▶ WHAT THE TASK ASKS:
With pictures left out, return only the lines from the line containing "pg-migrator postgres://test:test@localhost/testdb 2" through the end of the material below, both included.

▶ GIVEN INFORMATION:
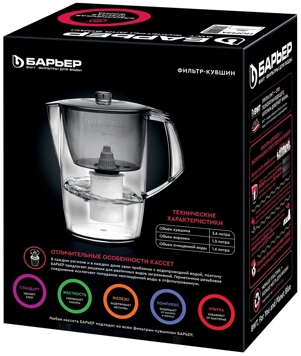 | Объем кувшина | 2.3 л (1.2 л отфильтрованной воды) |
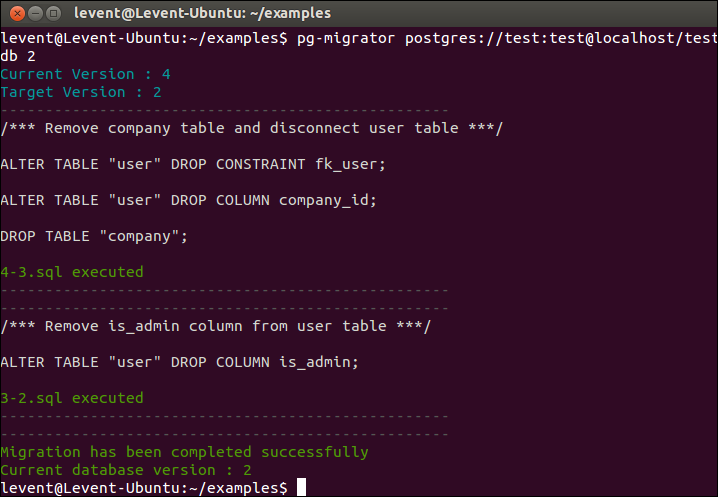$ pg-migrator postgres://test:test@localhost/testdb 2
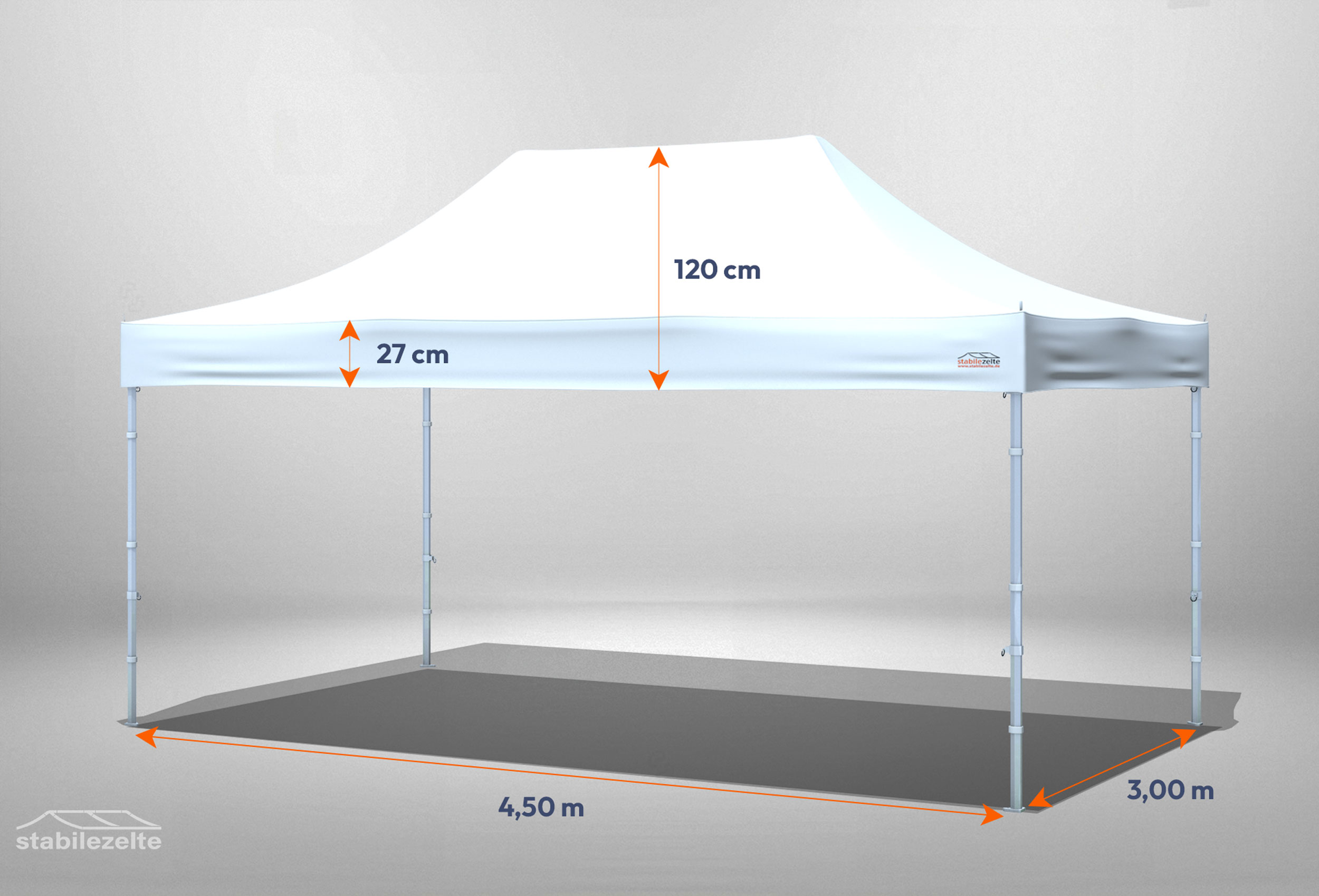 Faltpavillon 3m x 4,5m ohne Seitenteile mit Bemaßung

▶ RESPONSE TO THIS EXERCISE:
$ pg-migrator postgres://test:test@localhost/testdb 2
 Faltpavillon 3m x 4,5m ohne Seitenteile mit Bemaßung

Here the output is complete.